Figure 6Protein set enrichment and network analysis show ARF6 signaling pathway significantly altered in EVs secreted by 3D cell cultures. a) Heatmap and dendrogram of protein profiles of GC EVs in 2D and 3D cultures (Z‐score normalized expression values). b) Supervised clustering was performed to highlight the differences between EVs secreted by 2D and 3D cultures. Heatmap and dendrogram of the 20 most significantly different proteins between EVs isolated from 2D and 3D cultures (Z‐score normalized expression values). c) Protein set enrichment analysis revealed ARF6 signaling pathway as the only pathway significantly altered between 2D and 3D conditions in both cell lines. The corresponding proteins were ranked according to the degree of deregulation between 2D and 3D. d) Running sum statistics highlighting the significant enrichment of the proteins listed. e) Representation of the ARF6 signaling network. f,g) Western blot validation and proteomics data of significantly altered proteins in 3D EVs. f) Representative Western blot images. g) Protein levels of significantly altered proteins quantified by densitometry analysis of Western blot and validation of proteomics data. Tubulin was used as endogenous control for cells and GAPDH for EVs. Each biological replicate was independently represented.
Figure 7Integrative network analysis reveals overall upregulation of microRNAs and downregulation of proteins in EVs in 3D. a) Network of microRNAs (red rhombs) and specific target proteins (green rectangles) deregulated in opposite direction.

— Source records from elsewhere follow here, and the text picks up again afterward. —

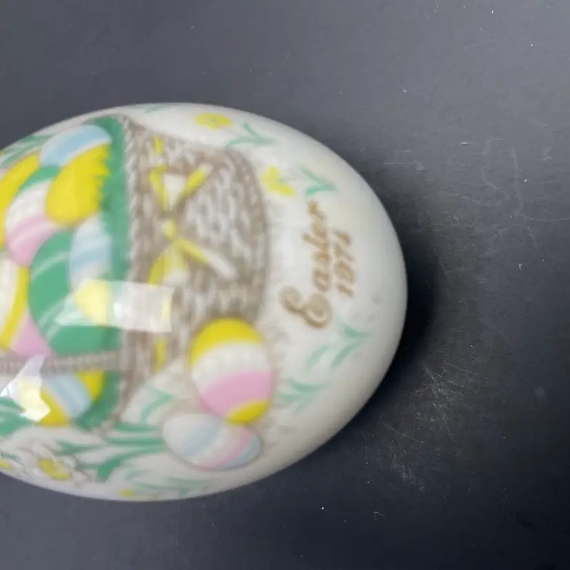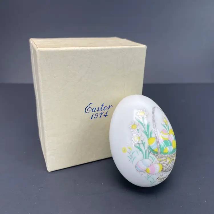 1974 Noritake Bone China Easter Egg Japan Original Box Basket Floral Limited vtg Approximate measurements: 3in x 2in x 2in Condition: pre owned. No chips, cracks, or breaks. See photos. EbEtPoMeNn
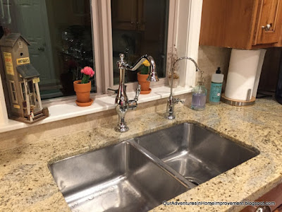 We then installed the faucet which I LOVE! We buy Moen faucets because they are beautiful, but also because they have a lifetime guarantee.
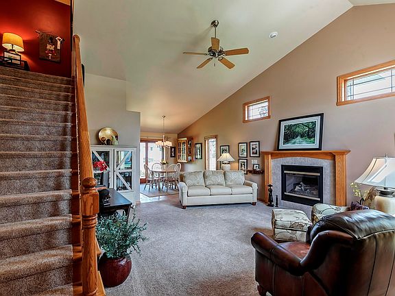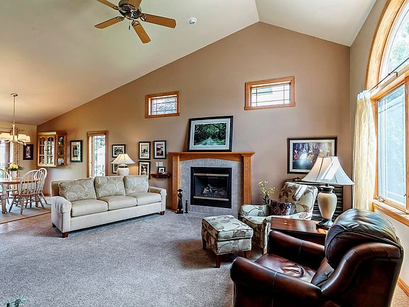 Enter the foyer and catch a view of this beautiful open concept with vaulted ceilings. A lovely staircase leads to the loft. Large front windows and transom windows above the gas fireplace lend plenty of natural light to the carpeted living area. Details such as plant ledges, open shelving, and patio doors leading to the back yard give the dining area charm. Ceramic tile in kitchen and dining. The kitchen has custom oak cabinetry with raised panel doors, pantry, recessed lighting, and plenty of counter space. White appliances included- oven w/ gas range, refrigerator, microwave, and dishwasher. Shelving could be removed from under the peninsula to allow for seating. A half bath and a nice size laundry room are not far off the kitchen. The large first floor master bedroom boasts a walk-in closet, plenty of space for a king bed and more furniture, built in shelving, ceiling fan, and a private full bath with walk in shower. Upstairs there are 3 nice size bedrooms, a full bath with tub, and bonus room with skylights. 6 panel doors and oak trim throughout. An attached, insulated 3.5 stall garage with workshop and a beautiful yard with mature landscaping complete your new dream home.

Upregulation and downregulation in 3D conditions were represented in different scales of red and green, respectively. b) Schematic representation of dynamic coregulation of microRNAs in cells and EVs (white) and proteins in EVs (black) highlighting specific sets of miRNAs and their common target proteins in 3D conditions. c) Quantitative RT‐PCR validation and small RNA sequencing data of microRNAs of the integrative network in MKN45 and MKN74 cells and EVs. d,e) Western blot validation and proteomics data of proteins of the integrative network in MKN45 and MKN74 cells and EVs. d) Representative Western blot images for proteins of the integrative network in MKN45 and MKN74 cells and EVs. e) Relative levels of proteins of the integrative network quantified by densitometry analysis of Western blot data and proteomics. Tubulin was used as endogenous control for cells and GAPDH for EVs. c–e) Each biological replicate was independently represented.